EXERCISE » Reproduce only the lines below from the line containing "Wooden sticks for" to the line containing "Чудовий солодкий подарунок", exactly as written, with both end lines kept. Omit the pictures.
Top of WORKING DATA
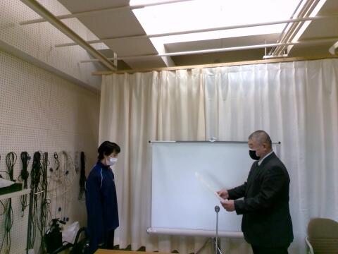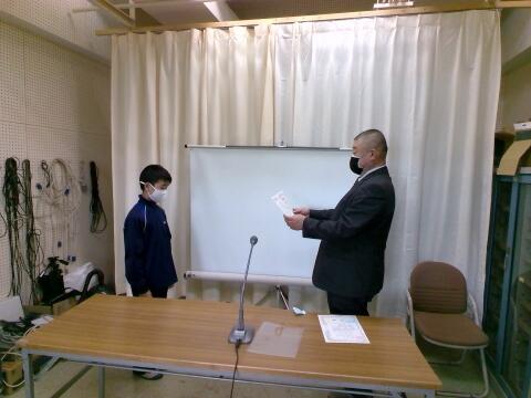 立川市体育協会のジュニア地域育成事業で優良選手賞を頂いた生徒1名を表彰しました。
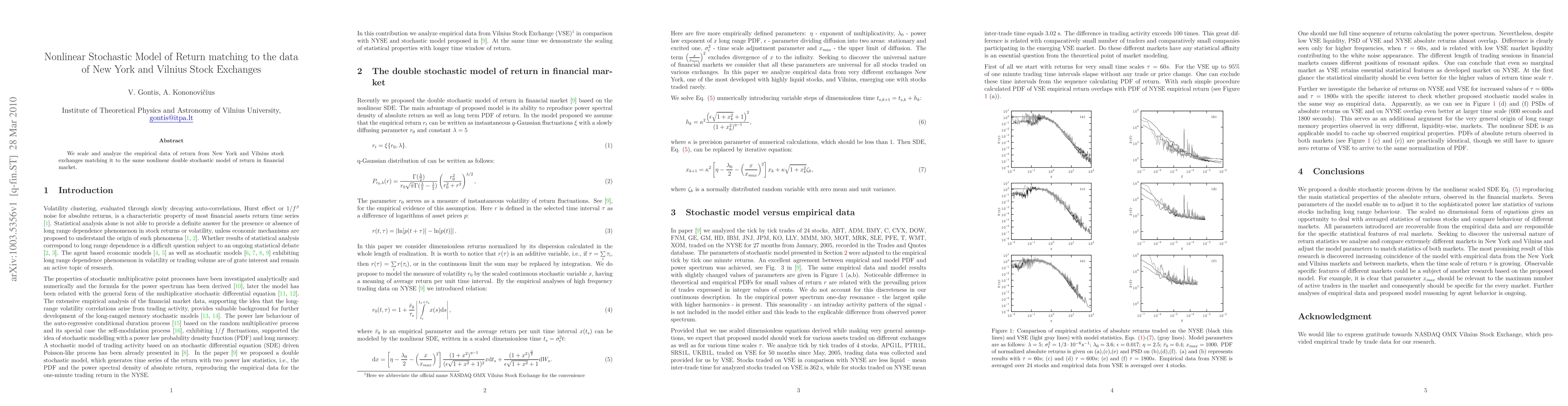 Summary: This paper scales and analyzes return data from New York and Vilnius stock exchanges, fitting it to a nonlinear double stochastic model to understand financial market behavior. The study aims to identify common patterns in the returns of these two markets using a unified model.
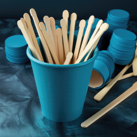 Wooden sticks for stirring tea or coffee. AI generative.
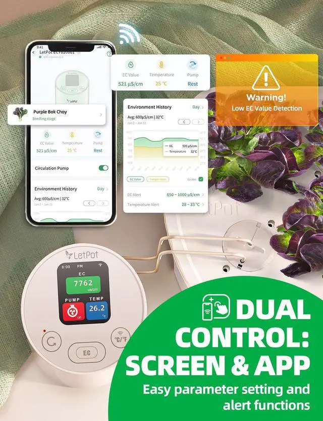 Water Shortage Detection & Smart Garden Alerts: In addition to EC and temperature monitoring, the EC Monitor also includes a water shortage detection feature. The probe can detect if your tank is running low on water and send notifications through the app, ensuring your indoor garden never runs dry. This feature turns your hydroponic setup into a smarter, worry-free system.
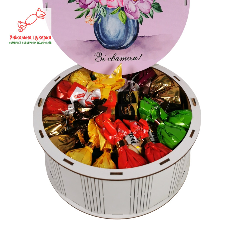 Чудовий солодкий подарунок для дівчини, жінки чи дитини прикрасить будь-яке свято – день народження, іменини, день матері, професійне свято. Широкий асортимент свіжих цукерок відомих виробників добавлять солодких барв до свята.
Bottom of WORKING DATA
Top of WORKING DATA
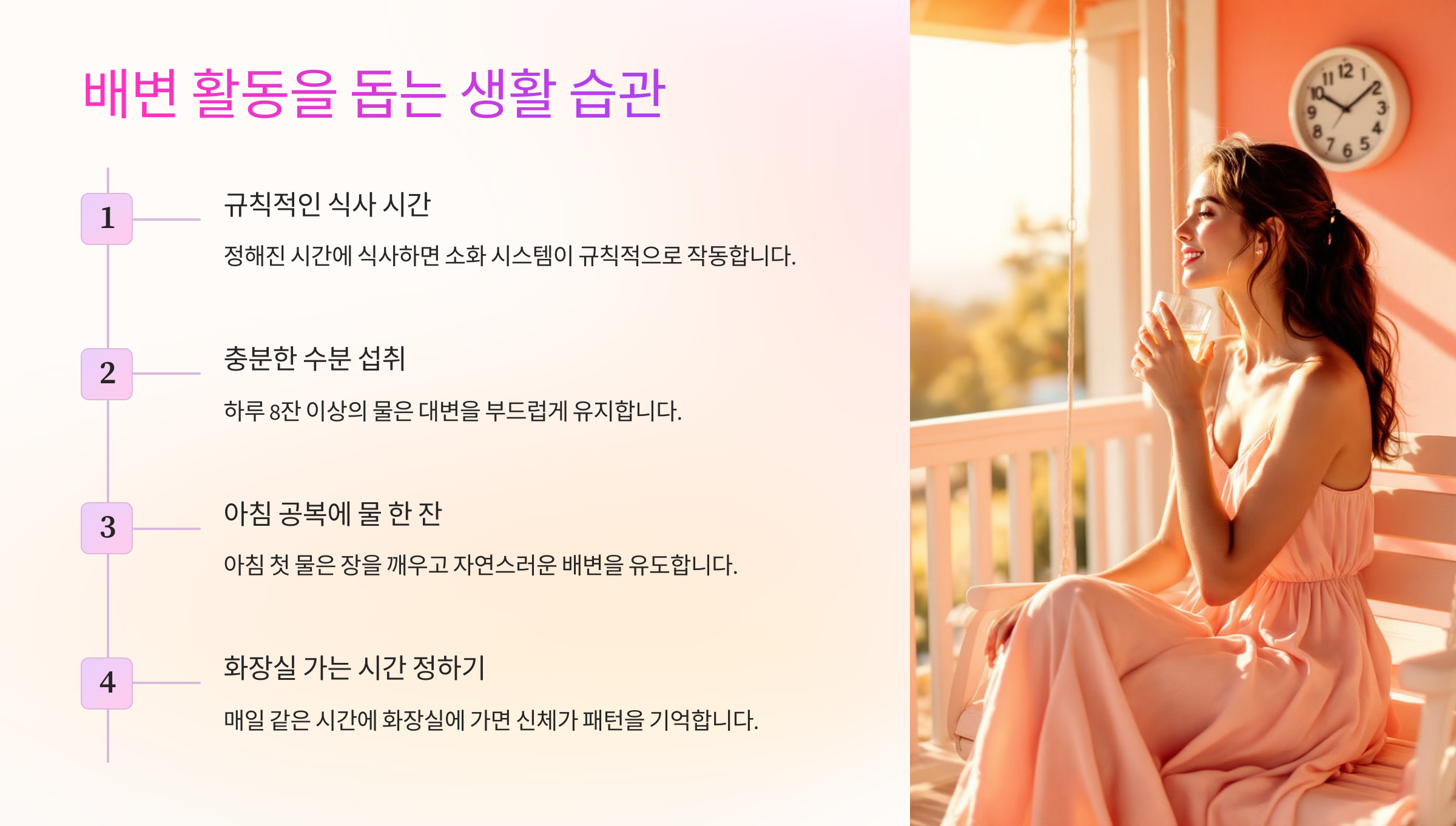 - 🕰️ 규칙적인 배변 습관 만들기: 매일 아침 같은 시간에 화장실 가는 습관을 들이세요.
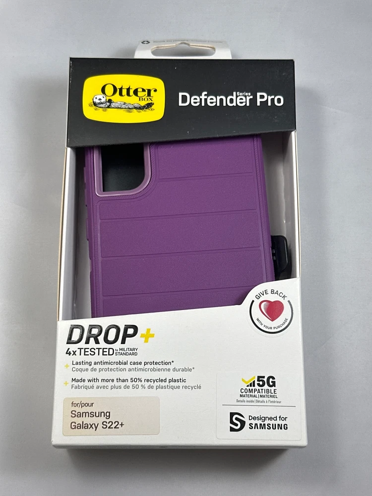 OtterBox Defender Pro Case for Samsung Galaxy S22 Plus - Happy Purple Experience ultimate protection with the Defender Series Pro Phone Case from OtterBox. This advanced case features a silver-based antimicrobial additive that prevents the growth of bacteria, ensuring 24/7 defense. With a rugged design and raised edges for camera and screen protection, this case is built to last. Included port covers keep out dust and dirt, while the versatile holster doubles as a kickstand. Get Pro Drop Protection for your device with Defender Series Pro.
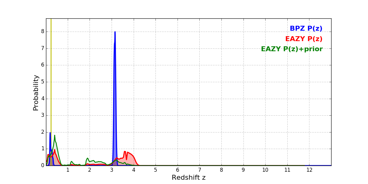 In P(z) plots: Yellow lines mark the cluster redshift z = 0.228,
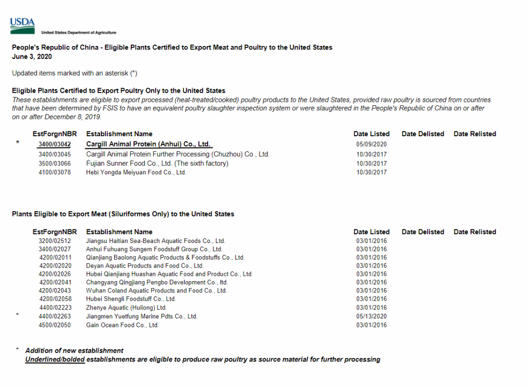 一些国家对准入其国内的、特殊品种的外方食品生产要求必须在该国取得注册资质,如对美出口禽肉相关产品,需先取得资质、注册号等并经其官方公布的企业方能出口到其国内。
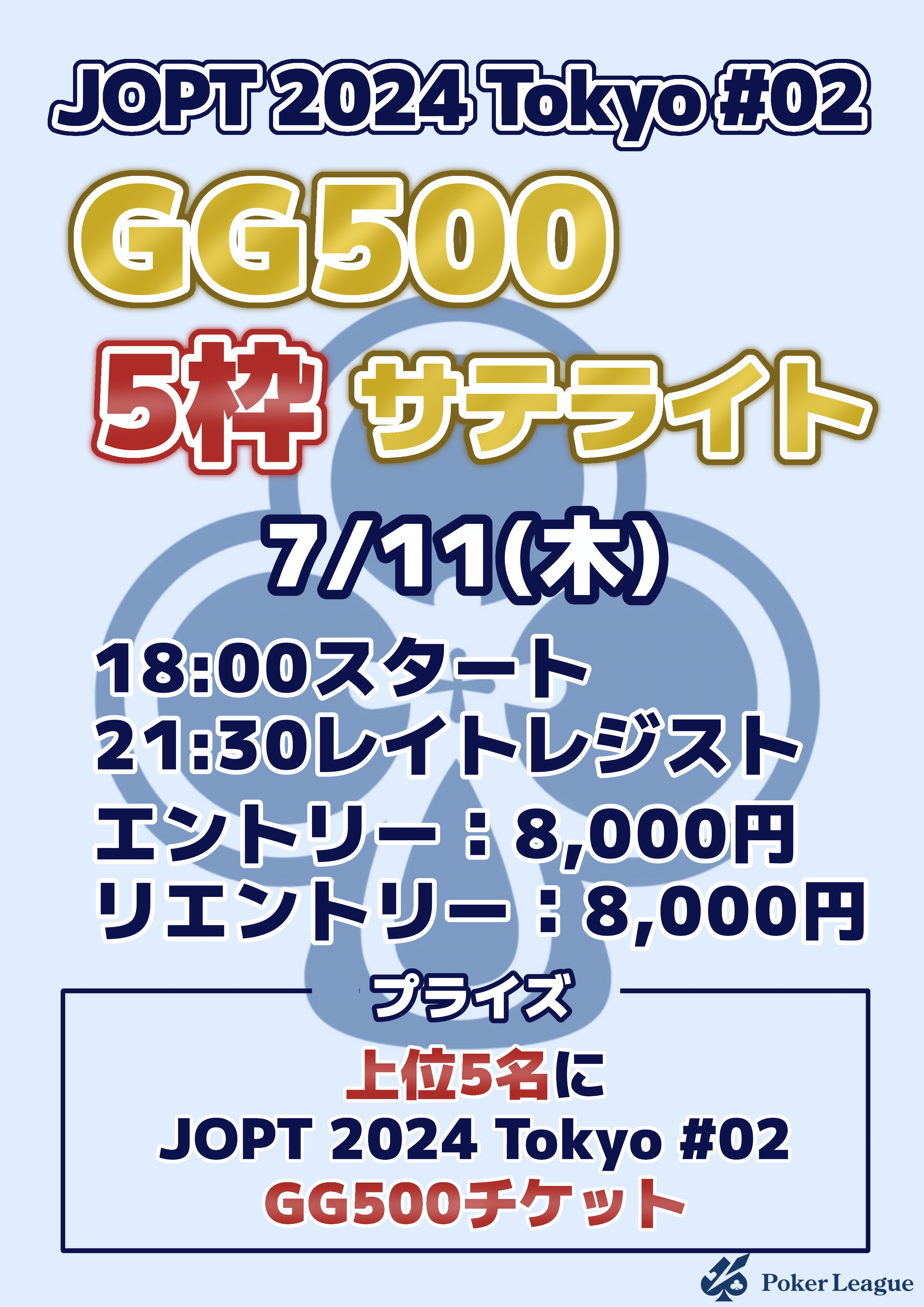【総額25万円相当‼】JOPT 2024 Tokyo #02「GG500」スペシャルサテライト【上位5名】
Bottom of WORKING DATA
Top of WORKING DATA
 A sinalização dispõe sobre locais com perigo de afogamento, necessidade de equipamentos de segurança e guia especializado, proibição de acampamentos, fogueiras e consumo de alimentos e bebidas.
Bottom of WORKING DATA
EXERCISE RESULT »
 Wooden sticks for stirring tea or coffee. AI generative.
 Water Shortage Detection & Smart Garden Alerts: In addition to EC and temperature monitoring, the EC Monitor also includes a water shortage detection feature. The probe can detect if your tank is running low on water and send notifications through the app, ensuring your indoor garden never runs dry. This feature turns your hydroponic setup into a smarter, worry-free system.
 Чудовий солодкий подарунок для дівчини, жінки чи дитини прикрасить будь-яке свято – день народження, іменини, день матері, професійне свято. Широкий асортимент свіжих цукерок відомих виробників добавлять солодких барв до свята.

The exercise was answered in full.